Adult Sprague Dawley rats were killed, corneas were excised, and frozen sections were prepared. Mono–specific antibodies against phospho–tyrosine 845, 992 and 1068 were used with standard immunofluorescence techniques to localize the antibodies.
No Tyr1068 was observed in unwounded rat corneal epithelium. Surprisingly, both Tyr845 and Tyr992 were phosphorylated in unwounded tissue. Phospho–Tyr992 was localized in the majority of the basal cells in the limbal epithelium. In central cornea, phospho–Tyr992 was present throughout the cell layers with the highest levels in the basal layer. In contrast, phospho–Tyr845 was present in a distinct subset (less than 50%) of basal cells in the limbal epithelium. A similar pattern was present in central cornea. Both phospho–Tyr992 and phospho–Tyr845 appeared to be localized primarily in the cell membrane.

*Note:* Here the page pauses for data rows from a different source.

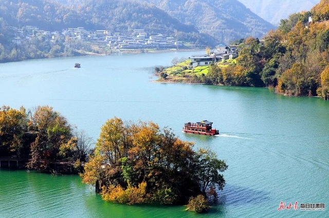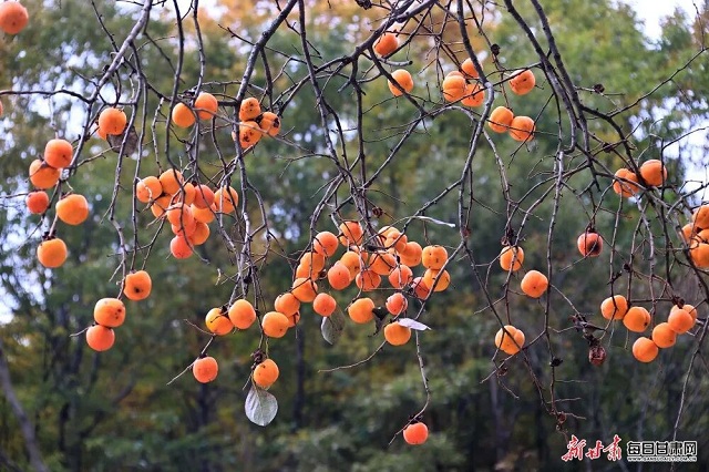 山脚下的胡杨林虽褪去了盛夏的浓绿
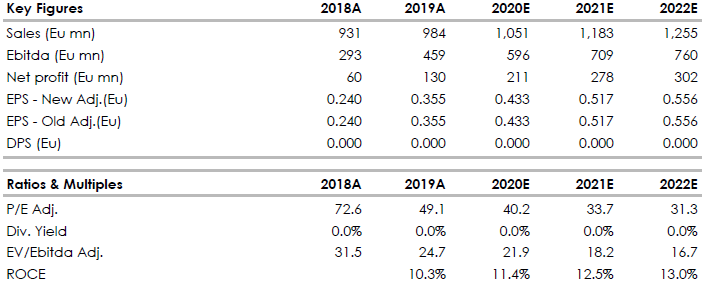 Giudichiamo molto positivamente l'operazione con SIA, anche se gran parte delle novità è compresa nell'attuale prezzo di borsa. Alziamo leggermente il target price da 18 a 19 euro per tenere conto delle sinergie e del futuro potenziale di crescita. La tabella seguente non tiene ancora conto dei dati post-fusione.
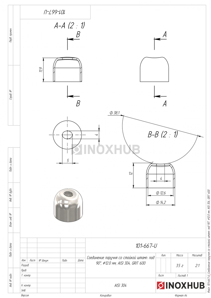 Штампованное соединение поручня со стойкой диаметром 12 мм. Представляет собой металлическую полую полусферу с выемкой под трубу и отверстием. Выполнено из стали AISI 304. Имеет полированную поверхность. Предназначено для поручня диаметром 38,1 мм.
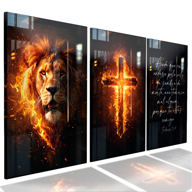 Quadros Decorativo 3 Sala Quarto Peças Leão Judá Cruz Chamas Salmo
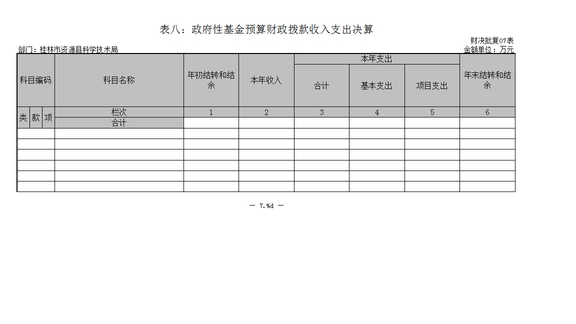 表八:政府性基金预算财政拨款收入支出决算表
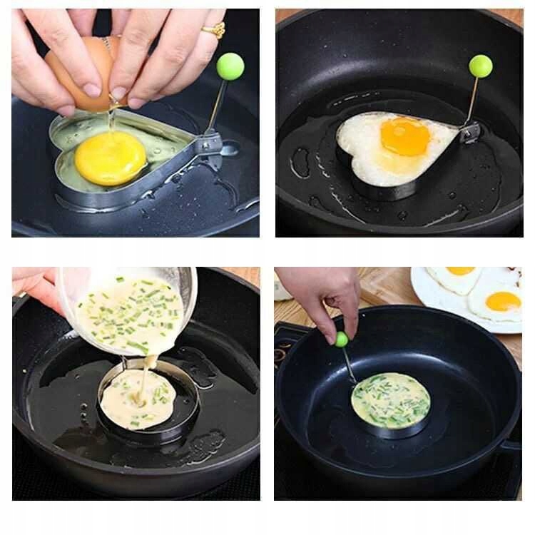 Формы просты в использовании - просто нанесите их на кастрюлю, а затем сломайте яйцо внутри. Вы получите яйцо в интересной форме!
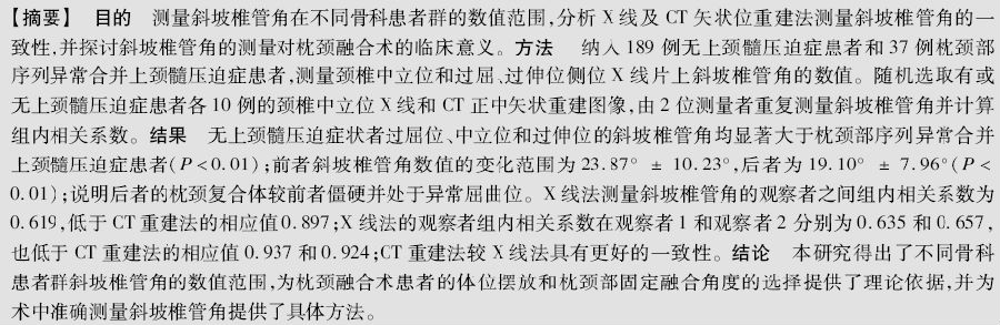 不同影像学方法测量斜坡椎管角的一致性分析
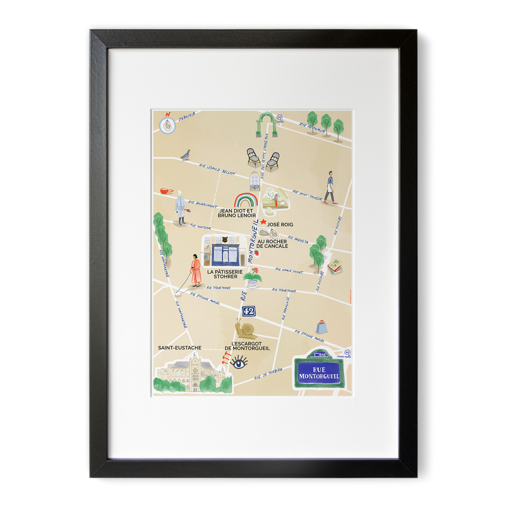 This illustrated map of Rue Montorgueil, Paris captures the spirit of the street through a hand-drawn perspective, highlighting its most emblematic spots and atmosphere. Designed as a visual walk, it invites you to wander the street again - whether you know it by heart or are discovering it for the first time.
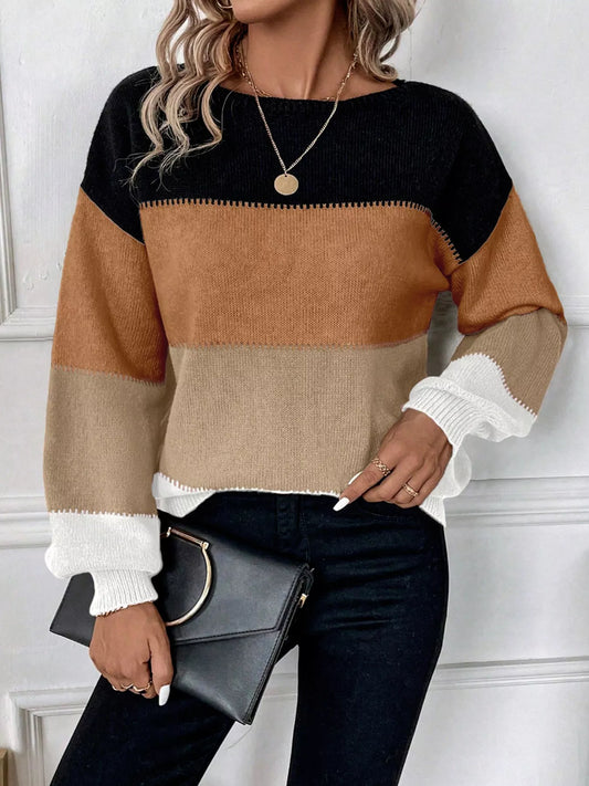 Angel Wings Multicolored Rib-Knit V-Neck Knit Pullover
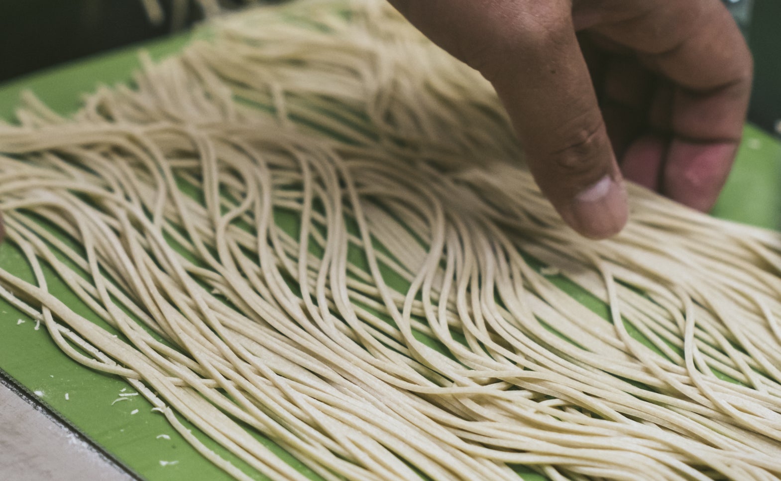 食材や料理との相性を研究し、絶妙な配合を追求したそば粉。最も美味しい状態で蕎麦を召し上がっていただきたく、毎日店内で製麺し、ご注文をいただいてから茹で上げます。打ちたて・茹でたての喉越しと歯応え、香りを存分にお楽しみください。
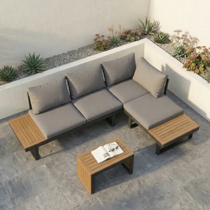 When investing in outdoor seating furniture, long-lasting durability is essential. The Kade collection is built around a premium outdoor aluminum sectional sofa frame, ensuring a lightweight foundation that is entirely rust-resistant while boasting an impressive weight capacity of up to 880 lbs. The seating is paired with UV and water-resistant polyester fabric, ensuring your weather resistant outdoor furniture stays looking pristine season after season.
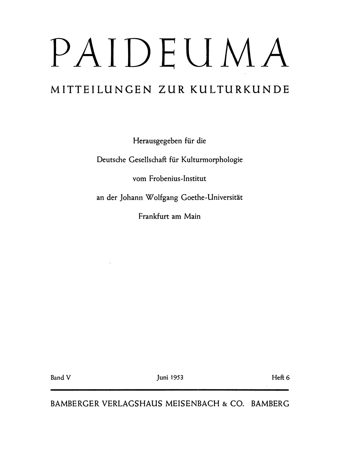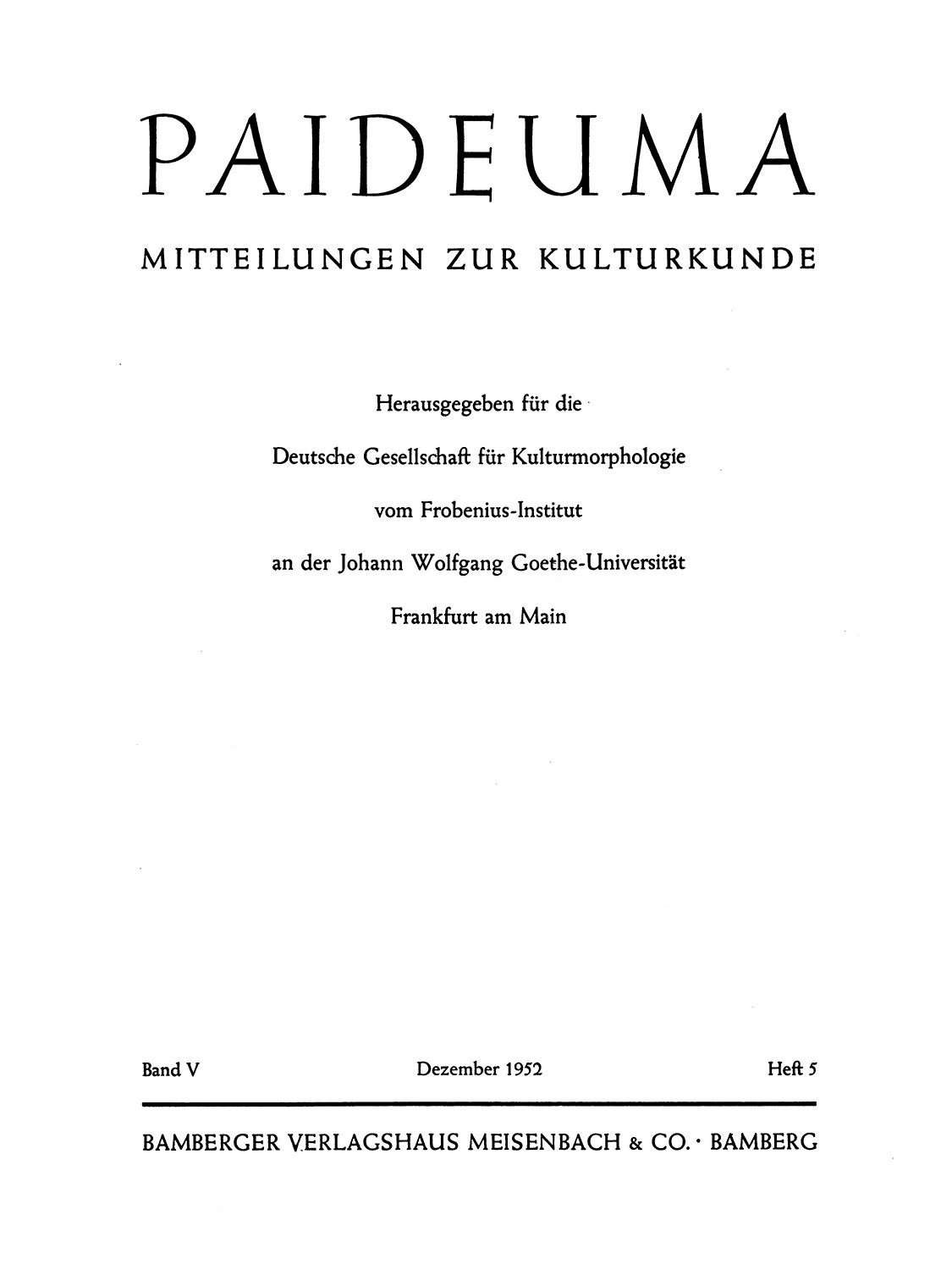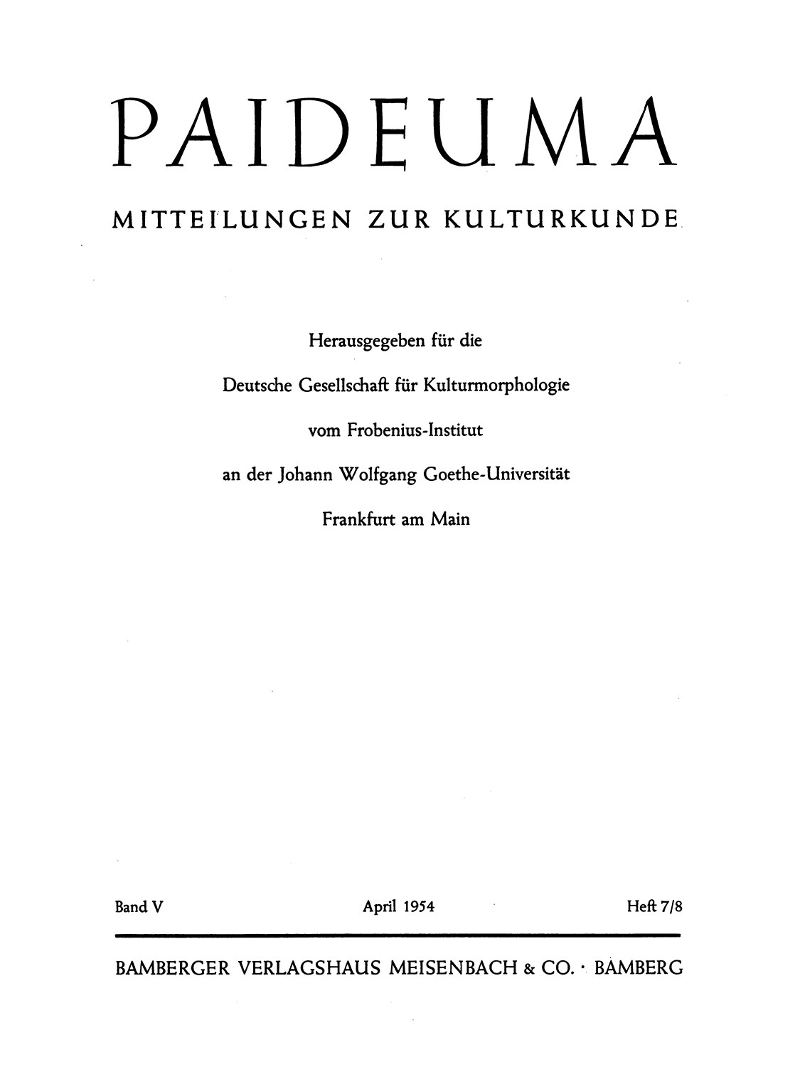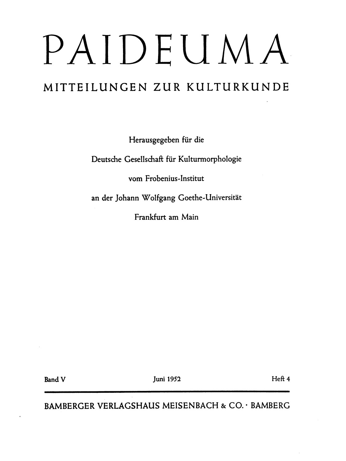 Paideuma. Mitteilungen zur Kulturkunde
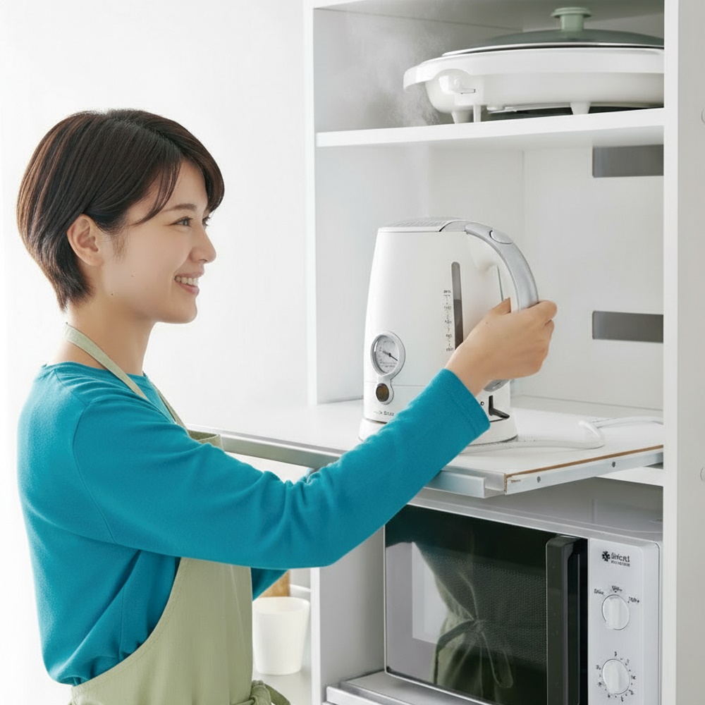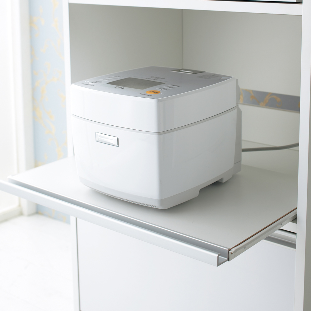 3段のスライドテーブルを装備。炊飯器やポット、電気ケトルなど蒸気の出る家電もテーブルをサッと引き出して手軽に使えます。
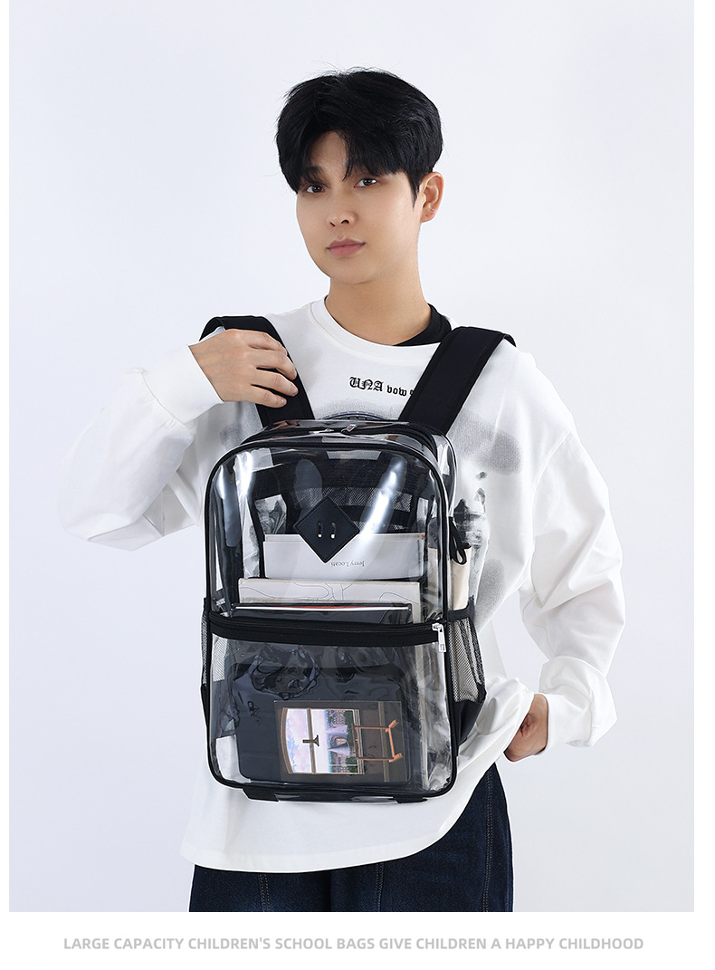 国境を越えたアマゾン透明ランドセル中学校スタジアムコンサート透明バッグ大容量PVC学生バッグ

Activated EGFR is present in unwounded rat corneal epithelium. This activation appears to be on specific tyrosine residues. Since different tyrosine residues provide binding sites for a variety of proteins involved in different signaling pathways, these results may indicate differential activation of the pathways. The expression pattern of phospho–Tyr992 and phospho–Tyr845 may also reflect the proliferative and differentiation state of the cells.